#1
JIM BROWN
Few things are certain in the world of sports arguments, but when it comes to production by a running back, the vast majority of fans agree that there has never been anyone quite like Jim Brown. My guess is that nobody ever will come close to matching his production over the course of a career. Brown did it all in just nine seasons with the Cleveland Browns and probably could have played another six years if he had been so inclined. However, he retired when he was at or near the peak of his capabilities so he could make movies in Hollywood—and make the cash that was not available in the NFL at the time.
How good was Brown? To the fans who watched from the stands or on television, he was a wrecking ball of a runner who closed out his career by running for 1,863 yards in 1963, 1,446 yards in ’64, and 1,544 yards in ’65. This was in the days when the league played a 14-game schedule, as opposed to the 16-game schedule they play today. To those who paid their money to see him play, Brown seemed to be a man among boys—quite simply the biggest, strongest and fastest man on the field
Those who were out on the field with him saw basically the same thing as those in the stands. That includes the fellow Hall of Famers who were tasked with bringing him down. Sam Huff, a Hall of Fame linebacker with the New York Giants and Washington Redskins, has spent a good portion of his post-football career talking about Brown’s talent. It is a subject that time has not diminished over the years. Huff, who has spent many years in the Washington broadcast booth, has never seen a back who was better or who even approached everything Brown could do on a football field.

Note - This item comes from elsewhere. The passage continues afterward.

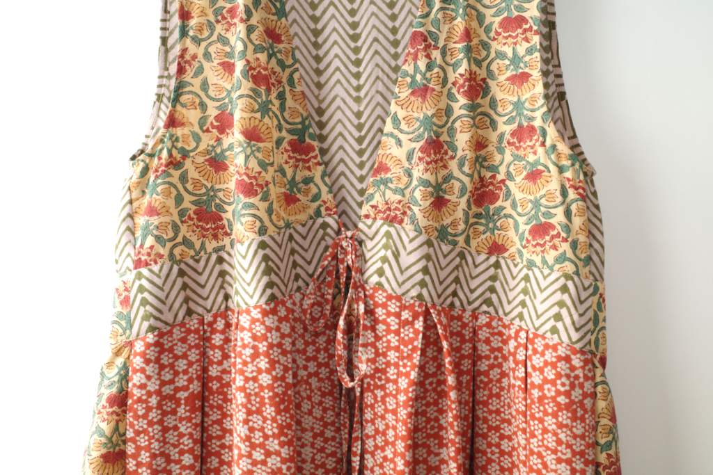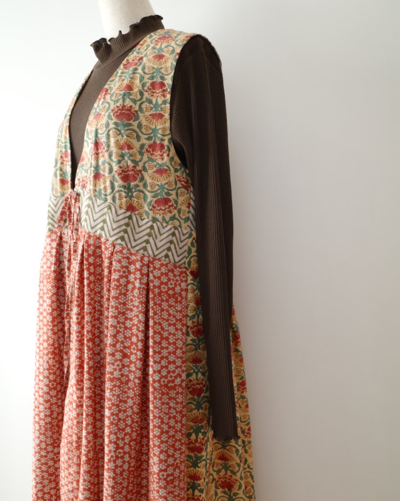 すでにヘビロテのこちらの本から、今回はV開きの袖付きワンピースをジレ風にアレンジして製作しました。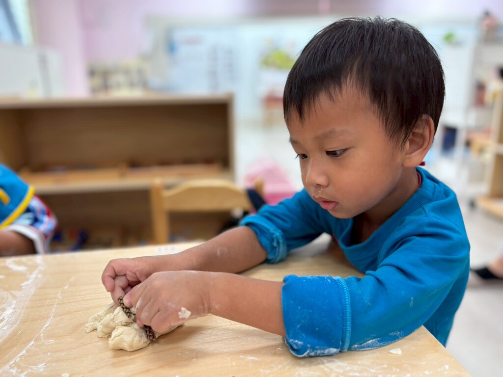 延續前幾次經驗,這次加入了孩子們熟悉的自然元素—小葉南洋杉,孩子們則稱他們為「毛毛蟲」,還有教室裡最愛的「積木」,讓孩子們自由探索、進行創作。有的孩子將小葉南洋杉插入麵團,開心的分享:「這個蛋糕要送給媽媽!」也有孩子透過積木進行蓋印,分享:「麵團上有好多圈圈。」

“There have been backs who may have been quicker or faster and there are backs who have been bigger, but when you combine speed, strength, quickness, ability and desire, I don’t think there’s ever been anyone who was close to what Jim Brown could do when he was at his peak,” Huff said. “That peak was basically the whole of his career. I don’t remember him being slower near the end of his run or weaker. He was the most punishing player I have ever run across. I talked about desire a minute ago. I don’t know that his desire was about getting the extra yard or getting into the end zone. It was the desire to beat the man on the other side of the line of scrimmage. Jim played like he wanted to destroy your will. He would simply hurt you when he ran over you and that made it harder each time you had to face him.”
“My arms were my weapons,” Brown explained. “If you tried to tackle me high, I would use my arms to change your mind. If you tried to tackle me low, that was your choice. It didn’t usually work out so well.
“To stop me you would have had to get the best of me mentally. You would have had to make me fear you. That never happened and there was never that much pressure that could have been brought on me. That’s how I was able to assert my will.”
Brown was a four-time league MVP and also led the NFL in rushing in eight of his nine seasons. He averaged better than 100 yards per game (104) throughout the whole of his career, a record that stands to this day. He also never missed a game during his career due to illness, injury, or anything else. He averaged 5.2 yards per rush throughout his career even though the NFL average for nearly 50 years has been 4.0 yards per carry.
Brown accomplished all of this at a time when running the football really was the key to succeeding in the NFL, or at least it was a bigger part of the picture than it has been in the last 25 years. Coaches will still get in front of microphones today and tell you they must run the ball and stop the run in order to win and do it with a straight face. Ask Pittsburgh head coach Mike Tomlin how important running was in the Steelers’ last-minute drive to win Super Bowl XLIII. But when Brown played, a team that could run and stop the run had a great chance to win the title.
Defenses were stacked to stop him. Linebackers like Huff had no other assignment but to stop Brown and still couldn’t do it. He went over the 100-yard mark in nearly half the games he played in.
And then he left. Walking away after the 1965 season as the leading rusher in NFL history, his record 12,312 yards stood until Walter Payton surpassed the mark 19 years later. No disrespect to Payton (you’ll see him at No. 5 on this list), but as complete a player as he was, it took Payton 435 more carries than Brown to reach that mark.
Brown never had any major regrets about leaving the game early and pursue his acting career, either. “To leave at twenty-nine years old, MVP, having won the championship in ’64 and played for it in ’65. To go into the movies and break the color barrier and be in a sex scene with Raquel Welch. To get to be in The Dirty Dozen with some great actors. To make more money in one year than you damn near made in nine years of football. Everything about it was ingenious,” Brown told Esquire magazine in 2008.
Those that had to tackle Brown for a living were equally as regret-free that the Cleveland running back said goodbye to the game when he did. But the same cannot be said of the fans of the game that never had enough of watching the greatest running back in football history do what he did best. He played fearlessly and he did it in a way that put the fear of God in others. He falls just short of Joe Montana because he won only one title and could not take over a game in the crucial moments the way the quarterback could.